Грених покачал головой, он еще не осознавал – или, точнее, не позволял себе сейчас допустить мысль о том, чем ему придется рискнуть в этой многоуровневой и опасной игре. Но, еще не дав своего согласия, он уже потерял всякое право голоса. Ловушка – а чекисты умели расставлять их мастерски – захлопнулась в тот момент, когда Грених пересек порог массивного здания бывшего Всероссийского страхового общества на Лубянской площади, или даже еще раньше – когда он начал сотрудничать с ОГПУ.

– Почему вы сразу отказываетесь? – змеиным тоном протянул Ягода, зная наверняка слабое место профессора. – Она ваш стажер, ассистирует вам в институте во время ваших практических курсов, помогает дурачить больных.

– Я не дурачу больных, – холодно парировал Грених. – Это часть психотерапии. И то, что я предложил вам, – тоже психотерапия. Если мы имеем дело с больным, то нам удастся помочь ему объединить обе его личности, если перед нами преступник – он выдаст себя. Одиннадцать часов в замкнутом пространстве в обществе десяти человек – никакой актер не способен сохранять бдительность в течение столь длительного времени. Он может обмануть приборы, он может подыграть во время сеанса гипноза, но сломается во время долгой поездки.

– Вы забываете, Грених, что вы не врач, который лечит, вы судебный медик, который дает справку. Я хочу, чтобы вы пригласили Агнию Павловну.

– Нет, это исключено. Еще месяца не прошло, как сняли швы.

– Но ей ведь там не придется поднимать гири или с кем-то сражаться. Она просто будет присутствовать. Для надежности.

– Для какой еще надежности? – слетело злое с языка Грениха.

– Что вы сумеете правильно поставить диагноз.

– В таком случае я умываю руки. Я предлагаю вам действенный способ разоблачить темную лошадку, проторчавшую незамеченной несколько месяцев в Прокуратуре. Вы же ставите мне неприменимые условия. Женой рисковать я не намерен, – отрезал Грених. – Я делаю свою работу, а не в игрушки играю.

– То есть вам не нравится, когда вас втягивают в игры? Сами-то вы мастак играть с другими.

– Еще раз подчеркиваю – я не играю, я либо лечу людей, либо принуждаю их к правде в рамках правосудия и закона.

– Скользкий вы тип, Константин Федорович, прям не ухватиться за вас, – плотоядно улыбнулся Ягода. – Собираетесь рисковать мной, Яковом Сауловичем, артистами ГОСТИМа, людьми, которые будут ехать в том же составе, что и наш вагон. А женой рисковать не хотите.

– Все верно. Вам нужно поймать преступника, мне нужно понять, болен ли он.

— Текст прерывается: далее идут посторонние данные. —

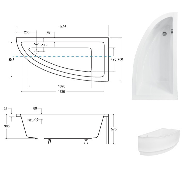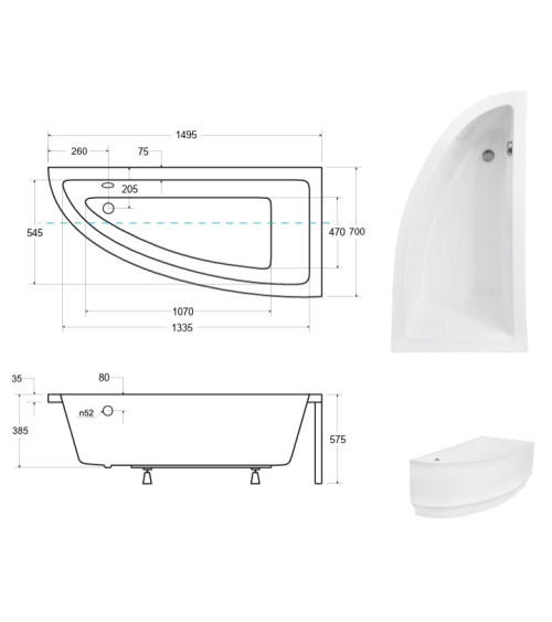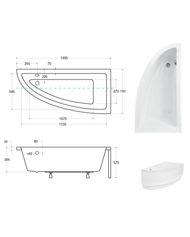 Eckbadewanne ORIEGO 150 cm rechts mit Schürze

Артисты вольны отказаться, риски я от них утаивать не собираюсь. А поезд, я полагаю, будет в полной безопасности, поскольку в нем будут ехать двое представителей ОГПУ. Не вижу причины, зачем вам моя жена.

– Она будет с вами и нами в этом вагоне, – отрезал Ягода. – Иначе мы вас арестуем за пособничество шпиону, а жена ваша с дочерью отправятся в Алма-Ату или куда-нибудь подальше, например в Сибирь. Как вам такая перспектива?

Грених долго смотрел в глаза Ягоды – бесстрашно и прямо, пока тот не отвел взгляда.

– Вы стали бояться, что Вольф нарыл что-то против вас? – открыто спросил Константин Федорович. – Хотите, чтобы я вас прикрыл? Вовремя нарек его сумасшедшим?